You may also obtain these documents for free when they are available by visiting EDGAR on the SEC website at www.sec.gov.

Important Information

This press release does not constitute an offer to sell or the solicitation of an offer to buy securities, and shall not constitute an offer, solicitation or sale in any jurisdiction in which such offer, solicitation or sale would be unlawful prior to registration or qualification under the securities laws of that jurisdiction.

About TXO Partners, L.P.

TXO Partners, L.P. is a master limited partnership focused on the acquisition, development, optimization and exploitation of conventional oil, natural gas, and natural gas liquid reserves in North America.
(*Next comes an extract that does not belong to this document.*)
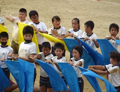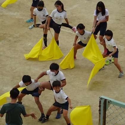 5年生と6年生が、団体演技の練習をしている様子です。

TXO’s current acreage positions are concentrated in the Permian Basin of West Texas and New Mexico, the San Juan Basin of New Mexico and Colorado, and the Williston Basin of Montana and North Dakota.

Cautionary Statement Concerning Forward-Looking Statements

Certain statements contained in this press release constitute “forward-looking statements” within the meaning of the Private Securities Litigation Reform Act of 1995. These forward-looking statements include the words such as “possible,” “if,” “will” and “expect” and contain statements regarding the size, timing or results of the offering and the proposed Acquisition. These forward-looking statements represent TXO’s expectations or beliefs concerning future events, and it is possible that the results described in this press release will not be achieved, and they are subject to risks, uncertainties and other factors, many of which are outside of TXO’s control, that could cause actual results to differ materially from the results discussed in the forward-looking statements.

Any forward-looking statement speaks only as of the date on which it is made, and, except as required by law, TXO does not undertake any obligation to update or revise any forward-looking statement, whether as a result of new information, future events or otherwise. New factors emerge from time to time, and it is not possible for TXO to predict all such factors. When considering these forward-looking statements, you should keep in mind the risk factors and other cautionary statements discussed in "Risk Factors" in our prospectus supplement, the Registration Statements on Form S-3, our Annual Report on Form 10-K for the year ended December 31, 2024, our Quarterly Reports on Forms 10-Q filed with the U.S. Securities and Exchange Commission and our other filings with the SEC. These risks include, but are not limited to, our ability to consummate the proposed Acquisition on the terms currently contemplated, the anticipated future performance of the combined company, risks and uncertainties related to economic, market or business conditions, and satisfaction of customary closing conditions related to the proposed offering and the proposed Acquisition. The risk factors and other factors noted above could cause its actual results to differ materially from those contained in any forward-looking statement. You are cautioned not to place undue reliance on these forward-looking statements.